## Work instruction
Exact copy, pictures excluded: set down only the lines from the one with "1月4日,教育部职业院校文化" through the end of the entries, keeping both end lines.

## Task data
.....

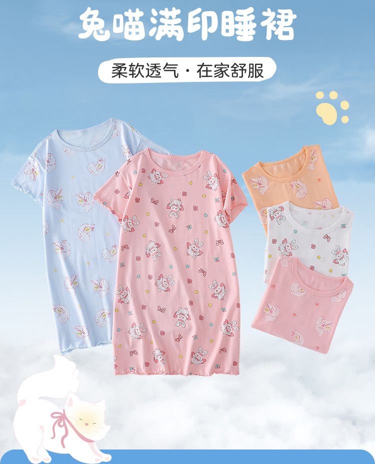 Miantiantang 여름 소녀 잠옷 반팔 어린이 잠옷 홈 의류 소녀 귀여운 공주 귀여운 스타일
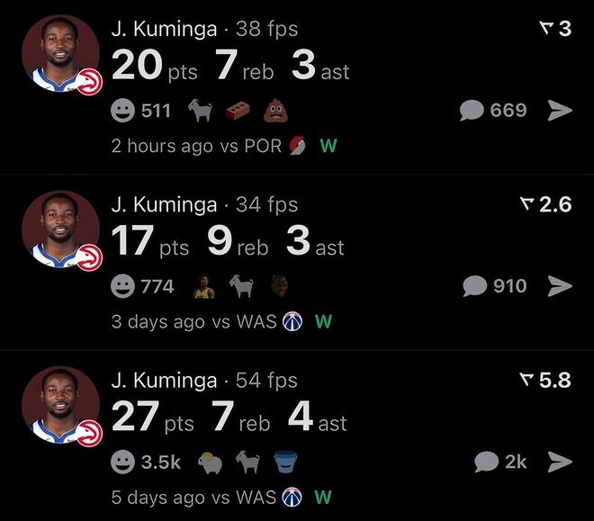而他的這次爆炸表現之后,最近的這三場比賽,庫明加為老鷹隊貢獻了場均21.3分7.7籃板3.3助攻的數據,場均已經完成了20+,考慮到他是替補上場,庫明加打得是真的很爽。老鷹球迷已經完全嗨了,拿了一個病號波爾津吉斯換來了庫神?他們的球迷在比賽過程當中大喊:“謝謝你,金州勇士!”
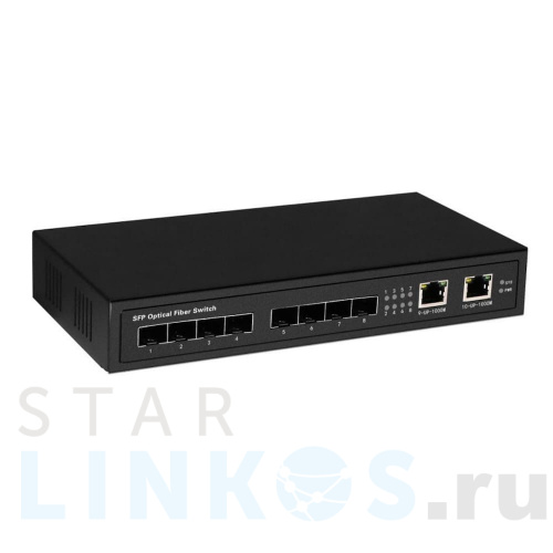 8 GE SFP, 2 GE RJ-45 Матрица 32 Гбит/с МАС-таблица 8К Буфер пакетов 4.1 Мбайт MDI/MDIX (Auto Negotiation)
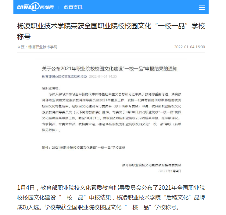 1月4日,教育部职业院校文化素质教育指导委员会公布了2021年全国职业院校校园文化建设“一校一品”申报结果,杨凌职业技术学院“后稷文化”品牌成功入选。学校荣获全国职业院校校园文化“一校一品”学校称号。
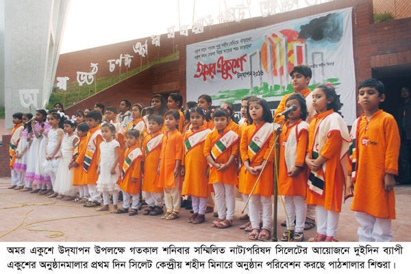 শনিবার অনুষ্ঠানের শুরুতেই ভাষা আন্দোলনে শহীদদের স্মরণে দাঁড়িয়ে এক মিনিট নীরবতা পালন করা হয়। সম্মিলিত নাট্য পরিষদ সিলেটের সহ-সভাপতি খোয়াজ রহিম সবুজ ও সাধারণ সম্পাদক রজতকান্তি গুপ্তের পরিচালনায় অনুষ্ঠানে অংশ নেন বাংলাদেশ উদীচী শিল্পী গোষ্ঠী সিলেট জেলা সংসদ, নজরুল একাডেমী সিলেট, থিয়েটার সিলেট, মৃত্তিকায় মহাকাল, পাঠশালা, মুক্তাক্ষর, নবারুন সংগীত বিদ্যালয়, ছন্দ নৃত্যালয়, সিলেট আর্ট এন্ড কালচার ইন্সটিটিউট, নাট্যম সিলেট, গ্রীন ডিজেবল ফাউন্ডেশন, অংশুমান দত্ত অঞ্জন, শান্তনু সেন তাপ্পু সহ বিভিন্ন শিল্পী ও সংগঠন।

.....

## Solution
 1月4日,教育部职业院校文化素质教育指导委员会公布了2021年全国职业院校校园文化建设“一校一品”申报结果,杨凌职业技术学院“后稷文化”品牌成功入选。学校荣获全国职业院校校园文化“一校一品”学校称号。
 শনিবার অনুষ্ঠানের শুরুতেই ভাষা আন্দোলনে শহীদদের স্মরণে দাঁড়িয়ে এক মিনিট নীরবতা পালন করা হয়। সম্মিলিত নাট্য পরিষদ সিলেটের সহ-সভাপতি খোয়াজ রহিম সবুজ ও সাধারণ সম্পাদক রজতকান্তি গুপ্তের পরিচালনায় অনুষ্ঠানে অংশ নেন বাংলাদেশ উদীচী শিল্পী গোষ্ঠী সিলেট জেলা সংসদ, নজরুল একাডেমী সিলেট, থিয়েটার সিলেট, মৃত্তিকায় মহাকাল, পাঠশালা, মুক্তাক্ষর, নবারুন সংগীত বিদ্যালয়, ছন্দ নৃত্যালয়, সিলেট আর্ট এন্ড কালচার ইন্সটিটিউট, নাট্যম সিলেট, গ্রীন ডিজেবল ফাউন্ডেশন, অংশুমান দত্ত অঞ্জন, শান্তনু সেন তাপ্পু সহ বিভিন্ন শিল্পী ও সংগঠন।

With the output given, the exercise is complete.